Neuralstem, Inc. (NASDAQ:CUR) Files An 8-K Submission of Matters to a Vote of Security Holders
Item 5.07 Submission of Matters to a Vote of Security Holders.
On June 22, 2017, Neuralstem, Inc. (Company) held its 2017 Annual
Meeting (Annual Meeting) at 8:00 a.m. EDT at 101 Park Avenue,
39th Floor, New York, New York 10178. Only
stockholders of record as of the close of business on April 28,
2017 (Record Date) were entitled to vote at the Annual Meeting.
As of the Record Date, 11,899,453 shares of the Companys common
stock were issued, outstanding and entitled, of which 7,180,865
shares were represented, in person or by proxy, and which
constituted a quorum. The final results of the stockholder vote
on each proposal brought before the meeting were as follows:
(a) Proposal 1. The following individual was
elected as the Class III Director to serve for a three-year term
expiring at the 2020 Annual Meeting based upon the following
votes:
Broker | |||
Nominee | Votes For | Votes Withheld | Non-Votes |
Richard Daly | 1,745,740 | 23,685 | 5,411,440 |
(b) Proposal 2. The ratification of Dixon,
Hughes, Goodman, the Companys independent registered public
accounting firm for the fiscal year ending December 31, 2017 was
ratified based upon the following votes:
Broker | |||
Votes For | Votes Against | Abstentions | Non-Votes |
7,029,592 | 57,772 | 93,501 | — |
(c) Proposal 3. The amendment to the Companys
2010 Equity Compensation Plan (Plan) to increase the number of
shares eligible for issuance under the Plan by 700,000 was
approved based upon the following votes:
Broker | |||
Votes For | Votes Against | Abstentions | Non-Votes |
1,317,087 | 412,735 | 39,603 | 5,411,440 |
(d) Proposal 4. The non-binding advisory vote on
executive compensation was approved based upon the following
votes:
Broker | |||
Votes For | Votes Against | Abstentions | Non-Votes |
1,556,672 | 172,631 | 40,122 | 5,411,440 |
(e) Proposal 5. The non-binding advisory vote on
the frequency of holding future advisory votes on execution
compensation received the following votes:
1 Year | 2 Years | 3 Years |
Abstentions |
Broker Non-Votes |
1,166,241 | 37,885 | 512,530 | 52,735 | 5,411,474 |
Notwithstanding the foregoing, the Companys board of directors
(Board) has determined that future stockholder advisory
(non-binding) votes on compensation of executives will occur
every 3 years until the Board determines otherwise.
Item 8.01 Other Events.
On June 21, 2017, the compensation committee of the Company
approved an amendment to the non-employee Board compensation
policy effective July 1, 2017 whereby each non-employee director
will receive a $100,000 annual board fee subject to annual review
and adjustment. The annual board fee is payable as follows: (i)

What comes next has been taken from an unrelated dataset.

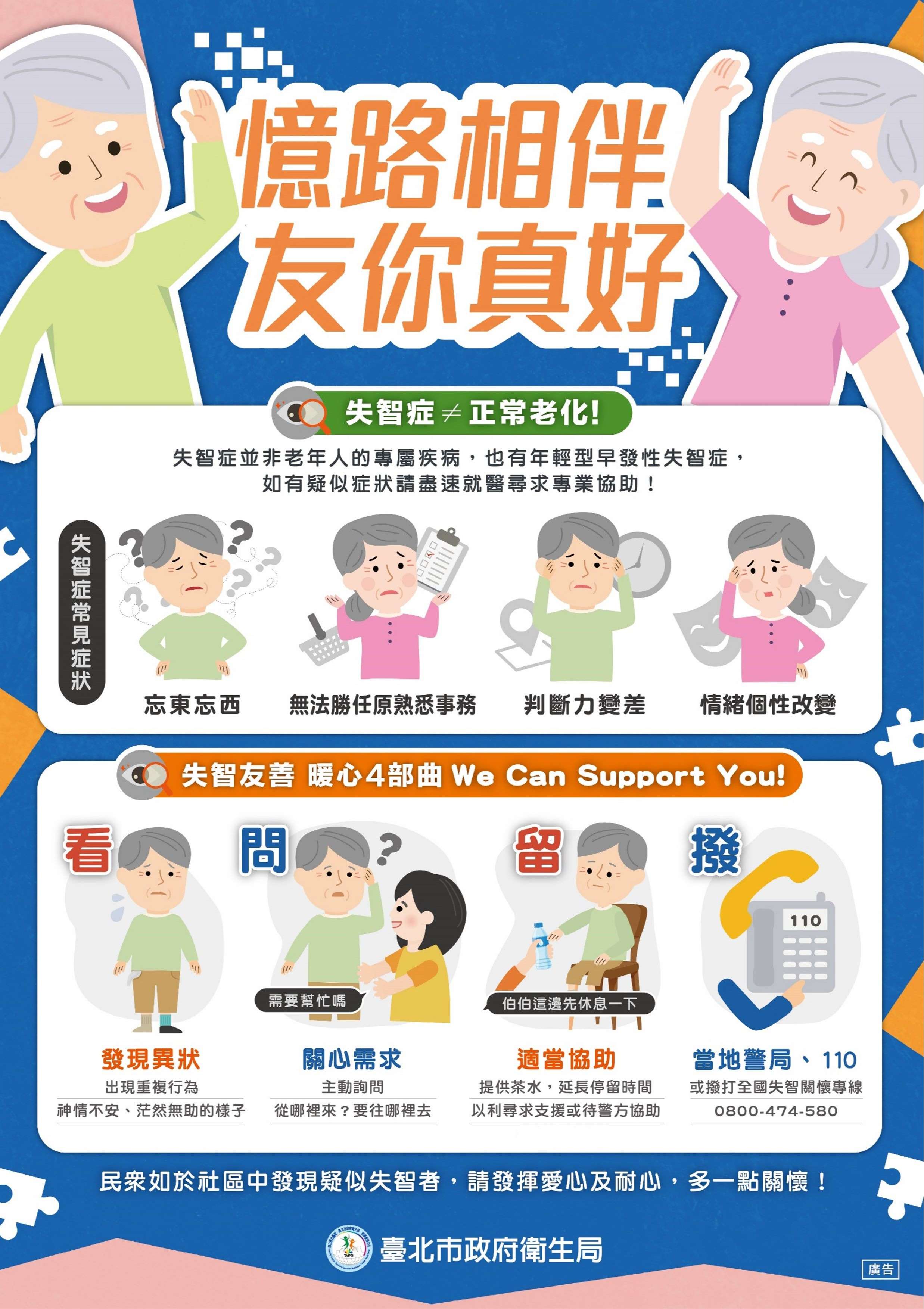 一、依據市府衛生局112年6月8日北市衛健字第11230240592號 函辦理。 二、本市自111年1月底邁入超高齡社會,推估失智症人口逾4萬 人,為增加市民朋友對失智症認識,市府衛生局製作旨揭 宣導海報,請貴單位協助宣導周知。 三、旨揭宣導海報電子檔置於市府衛生局網站(網址: https://reurl.cc/mDo0xj;路徑:首頁/主題專區/健康促 進/預防延緩失能專區/失智友善社區),歡迎下載運用。

up to $50,000 in cash and (ii) the balance in equity grants
consisting of common stock purchase options, restricted stock
units or restricted stock, at the election of each non-employee
director. Directors electing to receive a portion of their annual
fee in cash will receive four equal quarterly payments during the
year. Applicable equity grants will be made as of July 1 of each
year and will vest quarterly over the grant year. Fees for new
directors appointed or elected during the year will be pro-rated
and made on the fifth (5th) day following such
approval and acceptance on the Board.
Each non-employee director continuing service will be required to
make an election to receive the board fee in either cash,
restricted stock, restricted stock units, or common stock options
or a combination thereof by June 15th of each year. All grants of
restricted stock and restricted stock units will be valued using
the adjusted closing bid price of the Companys common stock on
the applicable grant date. All option grants will be valued using
the Black-Scholes option pricing model and are subject to
customary assumptions used in the preparation of the financial
statements.
About Neuralstem, Inc. (NASDAQ:CUR)
Neuralstem, Inc. (Neuralstem) is a clinical-stage biopharmaceutical company. The Company is engaged in research, development and commercialization of central nervous system therapies based on its human neuronal stem cells and its stem-cell derived small molecule compounds. The Company has approximately three assets: its NSI-189 small molecule program, its NSI-566 stem cell therapy program and its chemical entity screening platform. The Company’s technology allows the commercial-scale production of multiple types of central nervous system stem cells, which are under development for the treatment of central nervous system diseases and conditions. The Company is developing NSI-189 for the treatment of major depressive disorder (MDD) and other psychiatric and/or cognitive impairment indications associated with hippocampal atrophy. The Company’s NSI-566 is indicated for amyotrophic lateral sclerosis (ALS), chronic spinal cord injury and motor deficits due to ischemic stroke.